Deciding on the best age to begin collecting Social Security benefits is an important part of the retirement planning process. If you start collecting at the earliest possible age of 62, you will receive only 75% of what you would upon reaching full retirement age. But for each year between your full retirement age and age 70 that you delay receiving payments you can increase your benefit by 8%.
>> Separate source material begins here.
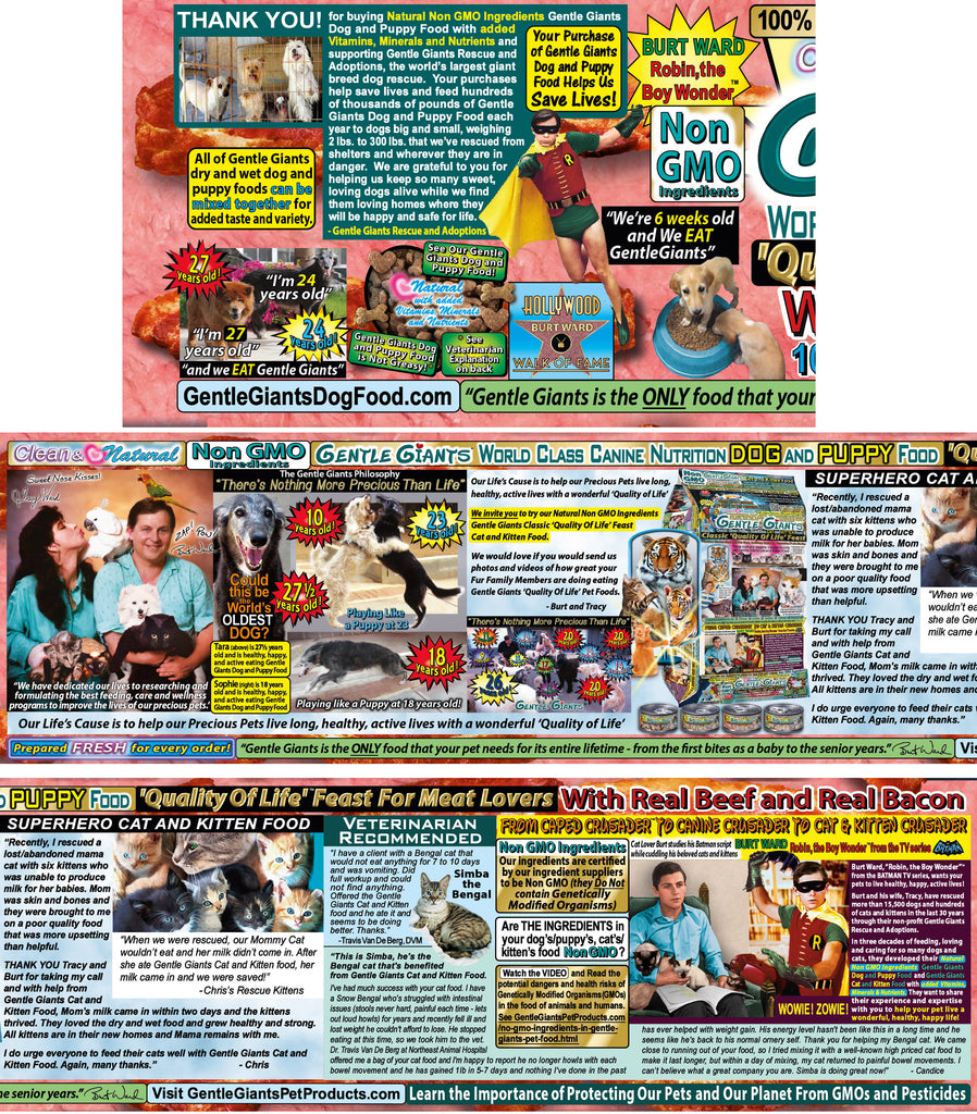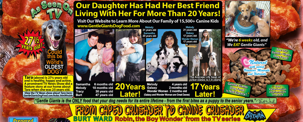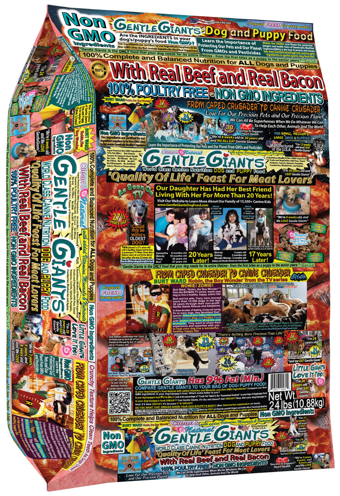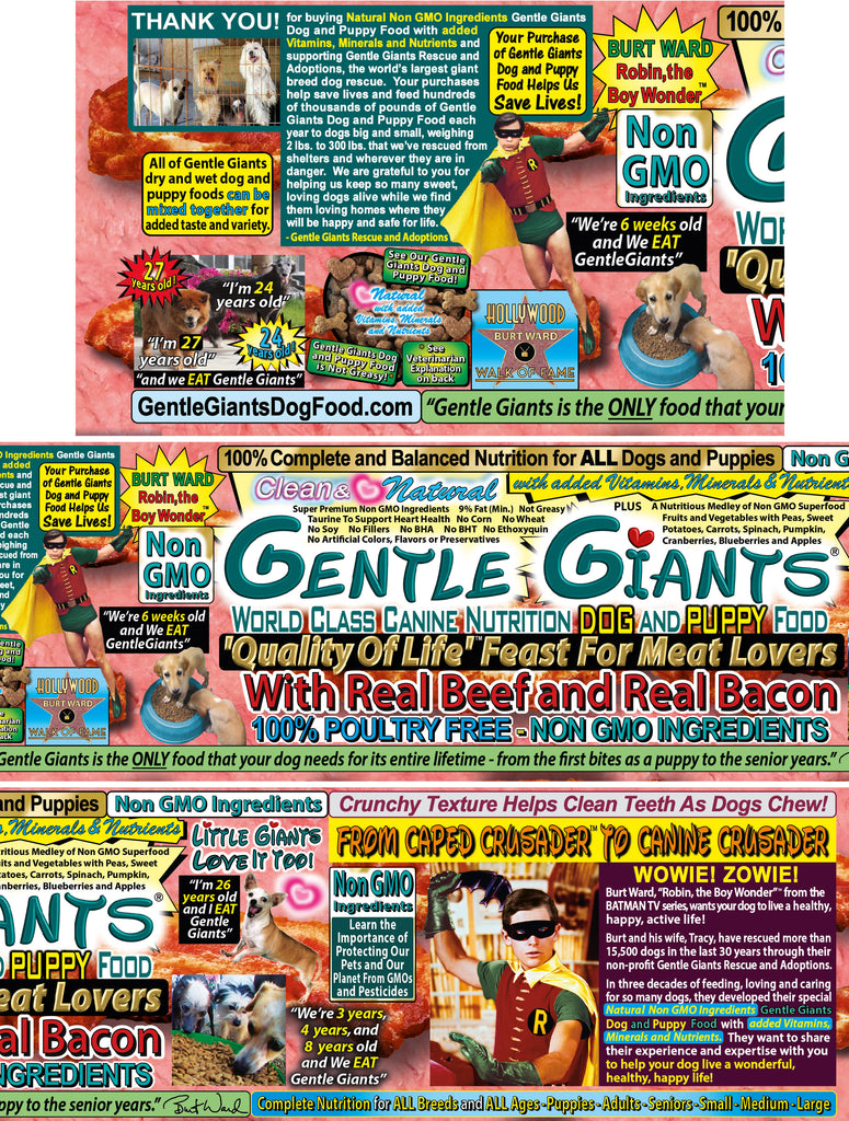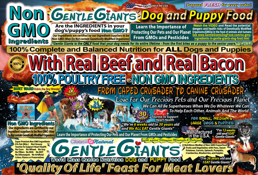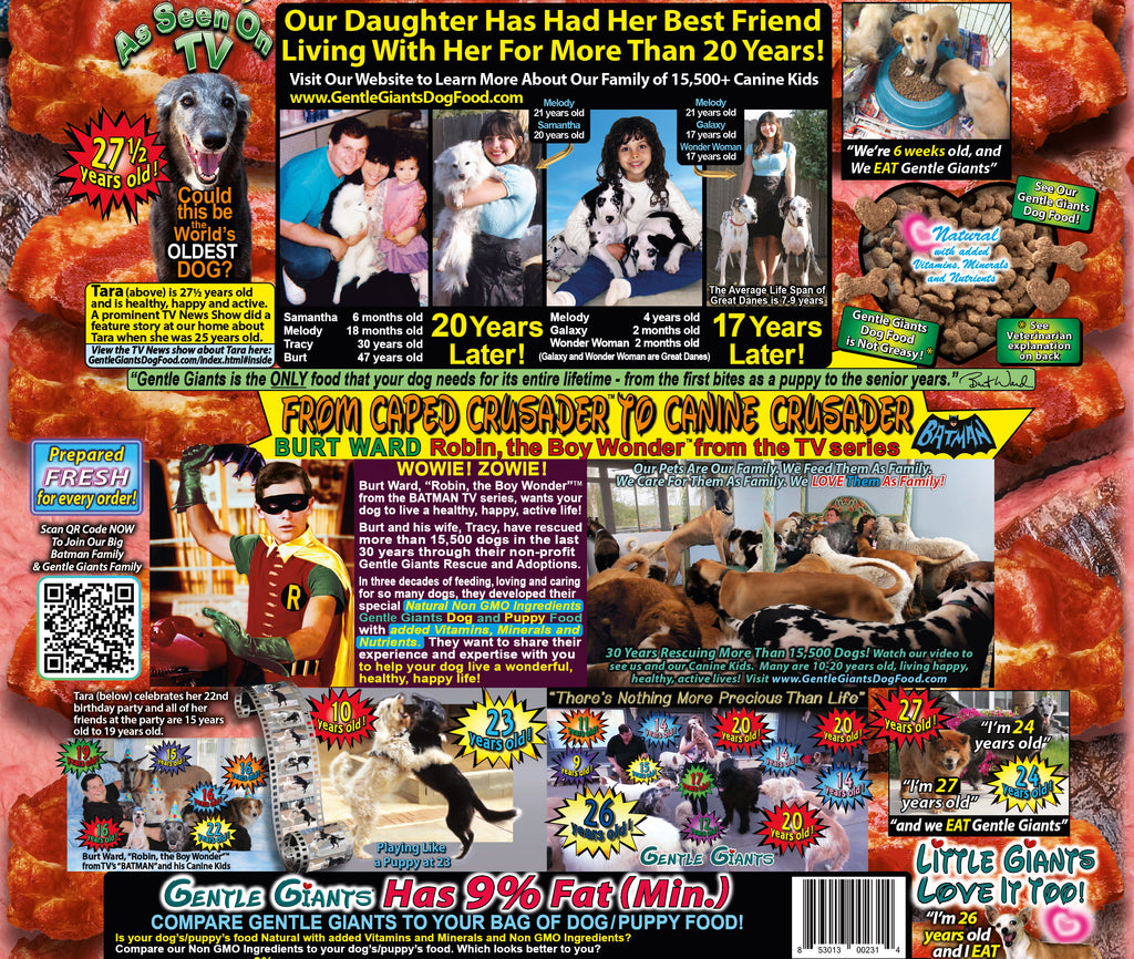 “In their quest for saving animals and helping them to live long, healthy, happy lives, Burt Ward and his wife, Tracy, who live with 45-50 dogs in their home, have developed a super premium dog food that is not only good for them, but one that they want to eat, without greasy taste enhancers, table scraps or other things mixed in to enhance the often bland and distasteful dog foods on the market. All this manipulation to your dog’s food takes a toll on your dog’s system.

Is your relationship ready for retirement? While members of the working world, you and your partner have lived dual lives made up of work and life outside of work. Whatever the proportion of time you dedicated to each other, you have not yet experienced being together 24/7. Once you retire you will be together almost all the time. It can be helpful to communicate ahead of time about this significant change in your lifestyles. Having individual interests and supporting each other in these pursuits can allow for some “me time” to reflect and grow, which will only add to the quality of the relationship when you are together. Don’t expect things to just automatically work out if you have not even considered the real changes retirement life will introduce into your relationship.
Do you have a clear picture of the retirement you want to live? Try to imagine your perfect retirement scenario. Do you prefer a relaxing pace to life, or do you plan to chase after all the experiences you can? Consider whether you are happy with where you are living or might like a new location. Decide if you want to experiment with adventurous trips around the world or are fine with less exotic travel that leans more toward comfort than challenge. And make sure to compare your retirement vision with that of your partner. If you want to be ready to retire, ask the important questions to help better illuminate your path.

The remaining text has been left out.